■ THE PROBLEM ■
Leaving out the pictures, output the lines from the one that contains "Its dimensions are" through the end of the material, exactly as they stand.

■ SOURCE DATA ■
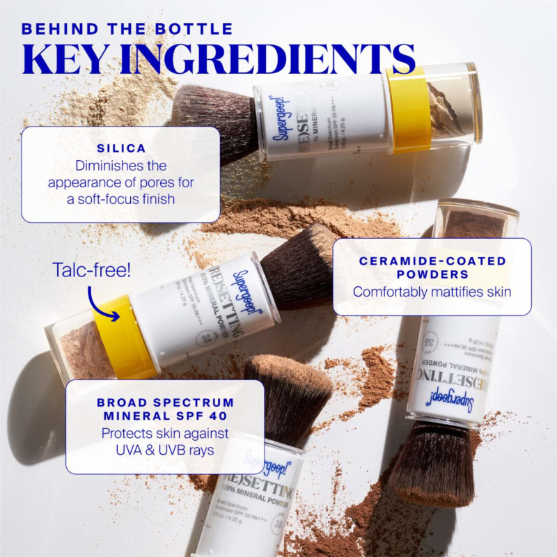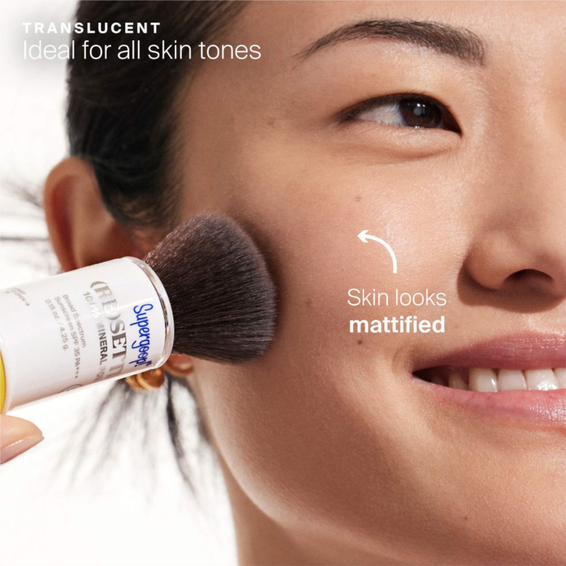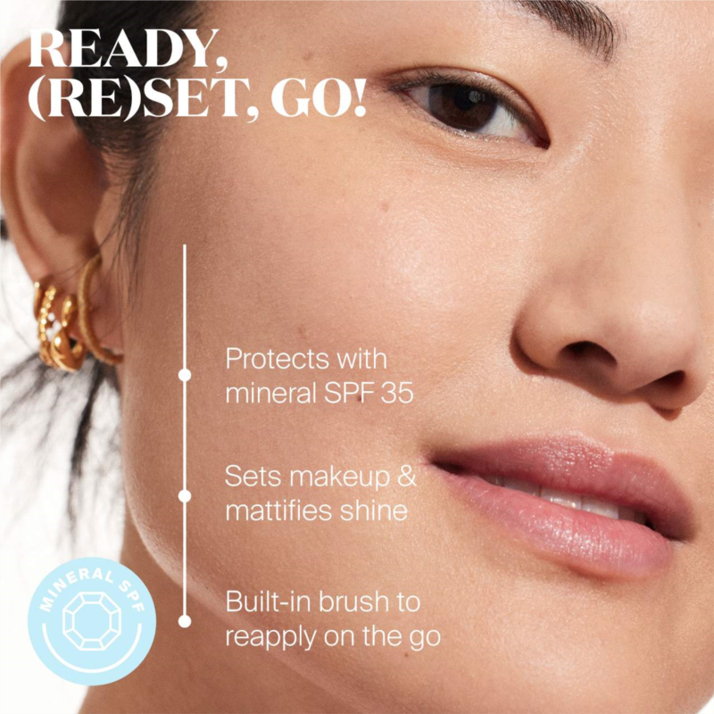 What it is: A mineral setting powder that mattifies shine, sets makeup & applies sunscreen with an easy-to-use, soft-bristled brush.
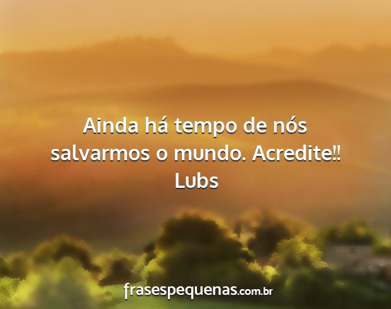 Ainda há tempo de nós salvarmos o mundo. Acredite!!
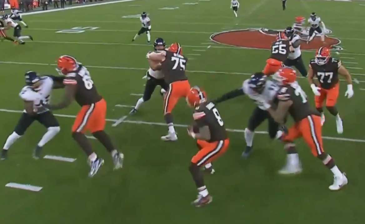 Драйв Браунс. Корли возвращает до 33, тэклит как раз Мартин, который LB из резерва.
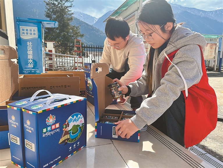 图为墨脱县格当乡党员干部将辣椒酱装箱。记者 王敏 通讯员 郎玲 摄
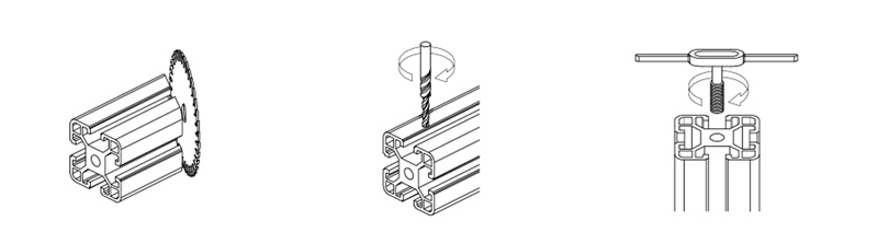 3. Pag-tap, pagsuntok ng turnilyo sa gitna ng dulong mukha ng #aluminum profile na ikokonekta, at pag-tap ayon sa laki ng napiling turnilyo.
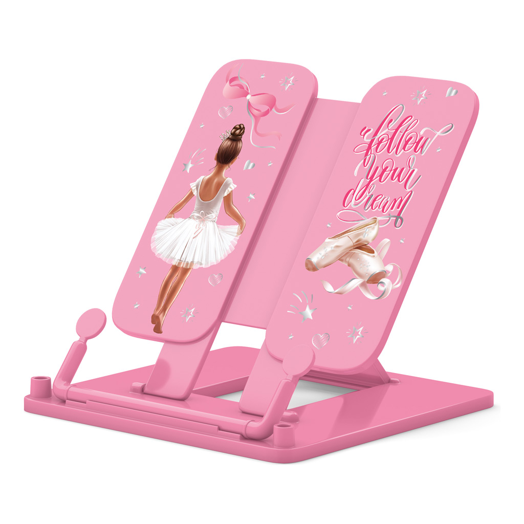 Складная подставка с фиксатором для книг. Позволяет расположить книгу под удобным углом наклона (7 углов). Держатель, расположенный в нижней части, надежно фиксирует страницы. Ширина подставки — 235мм, высота спинки — 190мм.
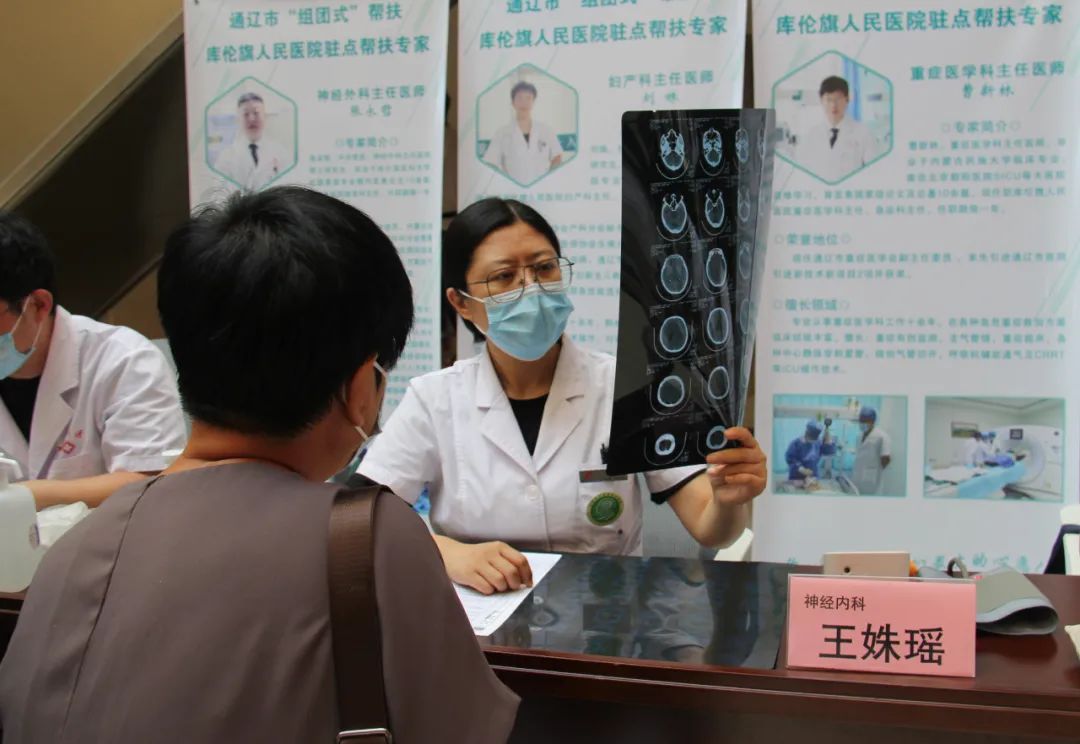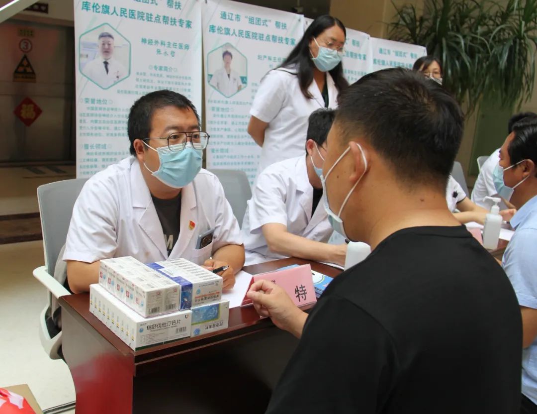 为庆祝第五个“中国医师节”,进一步巩固脱贫攻坚成果同乡村振兴的有效衔接,8月13日,我院组织消化内科、胸心外科、心血管内科、神经内科、中医科、营养科、药剂科等专业相关专家17人前往“组团式”帮扶医院——库伦旗人民医院开展义诊活动,为当地群众送医送药送健康,让广大基层群众少跑路,在家门口享受优质医疗服务。
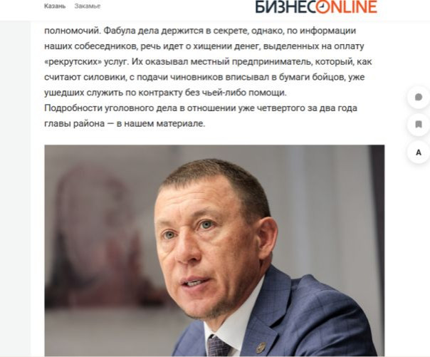 Ещё в апреле был задержан подчинённый Муллина – начальник отдела административно-технической инспекции администрации Нижнекамского района Ильдар Сафиуллин. Именно он выступал по бумагам как "рекрутёр", который якобы помог заключить контракты на военную службу десяткам бойцов. На деле, оказалось, эти бойцы на фронт уходили сами, и ни о каком рекрутёре Сафиуллине и не слышали.
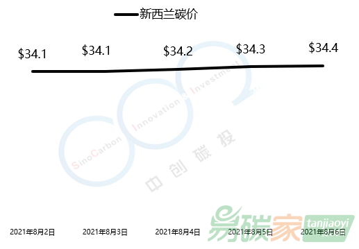 2021年8月2日至8月6日,新西蘭碳價(jià)本周由34.1美元/噸小幅上漲至34.4美元/噸。
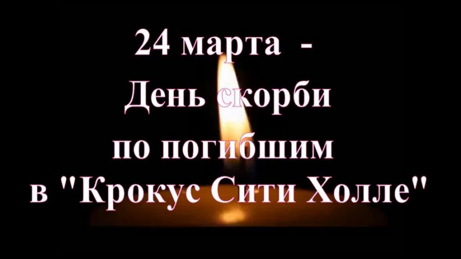 В стране день траура по погибшим в результате террористического акта в "Крокус Сити Холле". Приспущены государственные флаги, отменены праздничные и развлекательные мероприятия. Таким образом народ России выражает скорбь и соболезнование родственникам погибших.
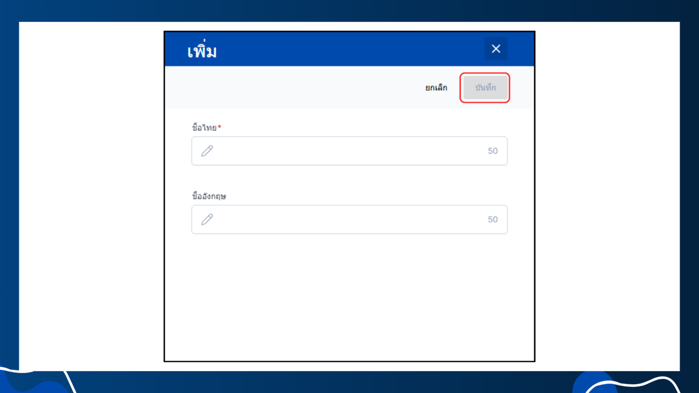 - เมื่อกรอกข้อมูลเสร็จแล้ว คลิก "บันทึก"
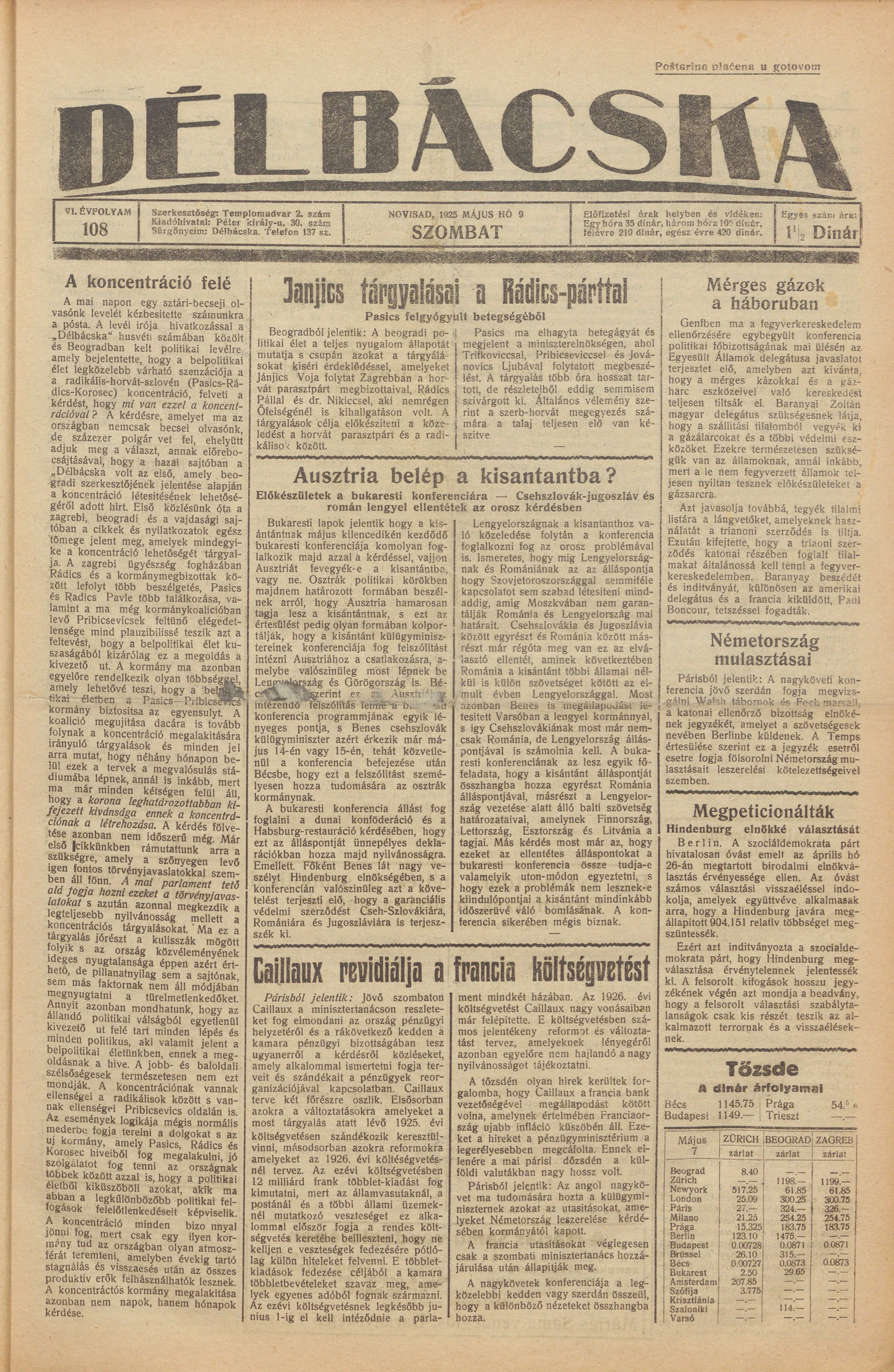 Délbácska, 6. évf. 1925. május 9. 108. sz.
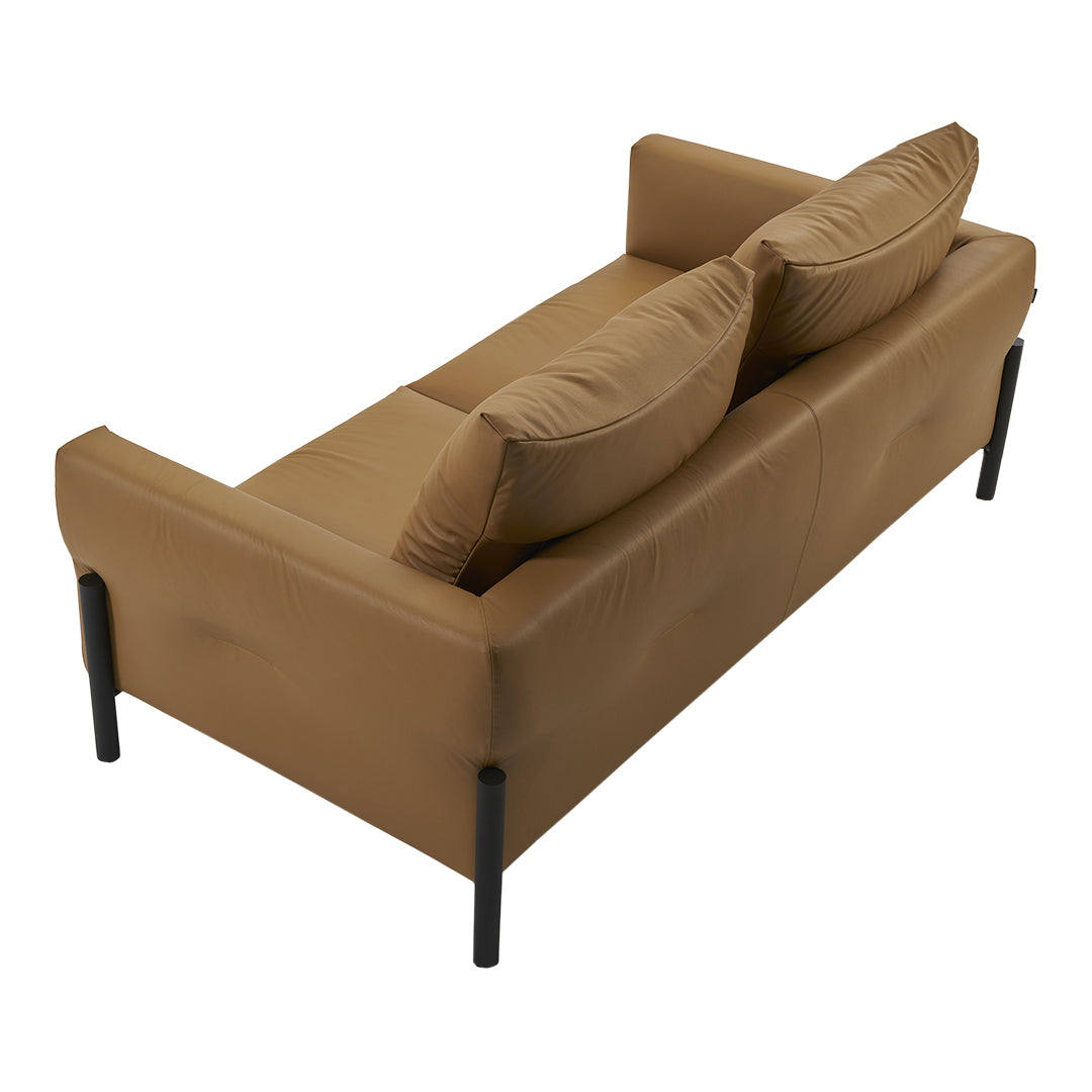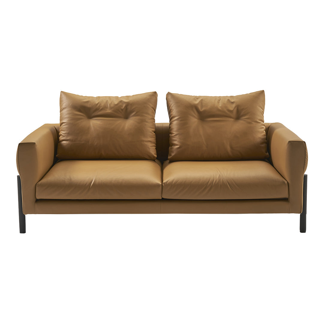 Its dimensions are moderate; its light structure gives it an airy appearance; the loose cushions and their stitching on the backrest provides a subtle, distinctive detail. The back cushions are reinforced with foam, so they remain firm when sitting down.
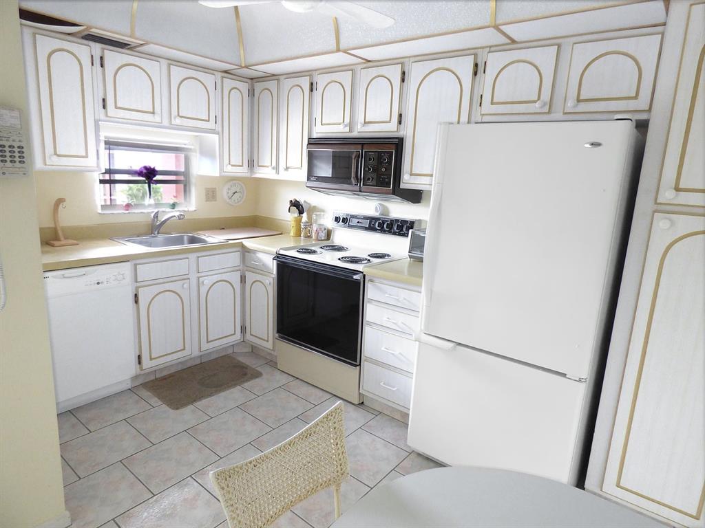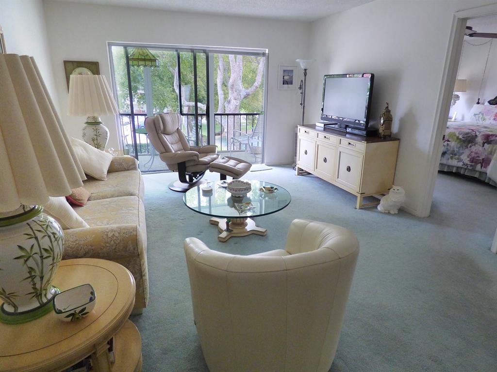 Full 2 bedroom in quiet location at end of cul-de-sac with pond view. New air and completely remodeled master bath. Kitchen has pull out drawers and replaced fridge and dishwasher. Guest bath has a replaced cabinet and toilet. master closet built-ins. Assumable svc. contract. Paid up rec lease. Free golf , 14 tennis courts, 7 pools, theater, fitness center, restaurant , 24 hr security,. Assoc. represents housing for older persons authorized (HOPA).. See below for occupancy qualifications.

■ EXERCISE ANSWER ■
 Its dimensions are moderate; its light structure gives it an airy appearance; the loose cushions and their stitching on the backrest provides a subtle, distinctive detail. The back cushions are reinforced with foam, so they remain firm when sitting down.
 Full 2 bedroom in quiet location at end of cul-de-sac with pond view. New air and completely remodeled master bath. Kitchen has pull out drawers and replaced fridge and dishwasher. Guest bath has a replaced cabinet and toilet. master closet built-ins. Assumable svc. contract. Paid up rec lease. Free golf , 14 tennis courts, 7 pools, theater, fitness center, restaurant , 24 hr security,. Assoc. represents housing for older persons authorized (HOPA).. See below for occupancy qualifications.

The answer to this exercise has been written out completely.